Мама сняла с меня шарф и, надорвав его зубами, разорвала на две части. Из половинок шарфа она сделала мне обмотки, и мы с ней пошли. Когда мы повернули с Цветного бульвара на Садовое кольцо, оказалось, что движение по кольцу уже пустили. И наши троллейбусы, абсолютно пустые, идут один за другим сплошной вереницей. Уже дома прежде всего мама напоила меня вкуснейшим чаем с малиновым вареньем.
Папа с меловым лицом сказал только одну фразу:
– Зое, я думал, ты умная женщина…
Мама впервые ничего не ответила. У нее были страшные, виноватые глаза.
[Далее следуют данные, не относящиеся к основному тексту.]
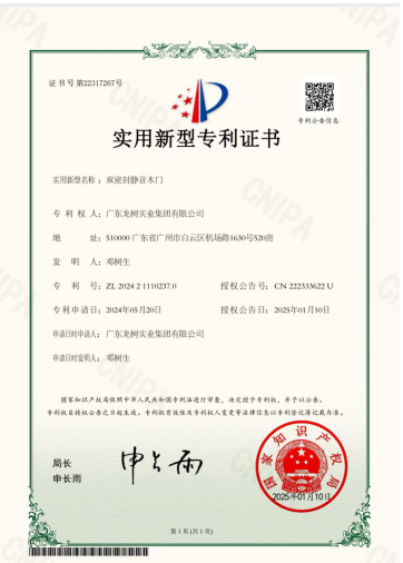 近日,從國家知識(shí)產(chǎn)權(quán)局傳來喜訊,我公司自主研發(fā)的“雙密封靜音木門” 創(chuàng)新成果榮獲國家知識(shí)產(chǎn)權(quán)局頒發(fā)的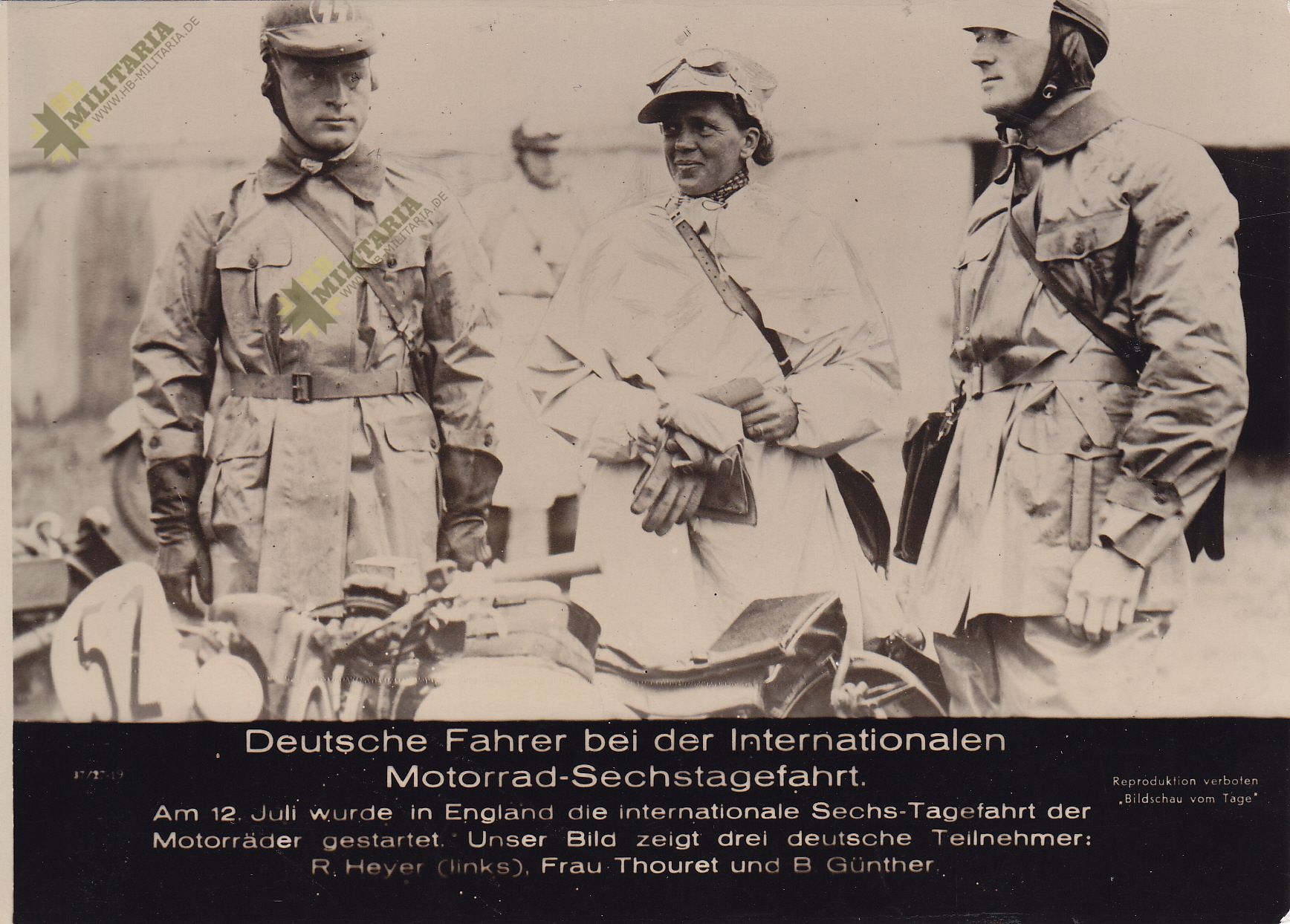 III. Reich Original Pressefoto Deutsche Fahrer bei der Internationalen Motorrad Sechstagefahrt. Grösse ca.: 14,5 x 10,5 cm.

У меня иногда такое впечатление, что папа вообще не знает замечательных, высших свойств мамы. Как будто они шапочно, едва-едва знакомы. И главное, я не могу, не умею ему объяснить, что мама очень, очень хорошая. Нет, что она красивая – это он и сам знает, а вот что хорошая…
Что же еще? Это был самый ужасный день в моей жизни. Но все-таки я не простудился, не заболел. И на том спасибо.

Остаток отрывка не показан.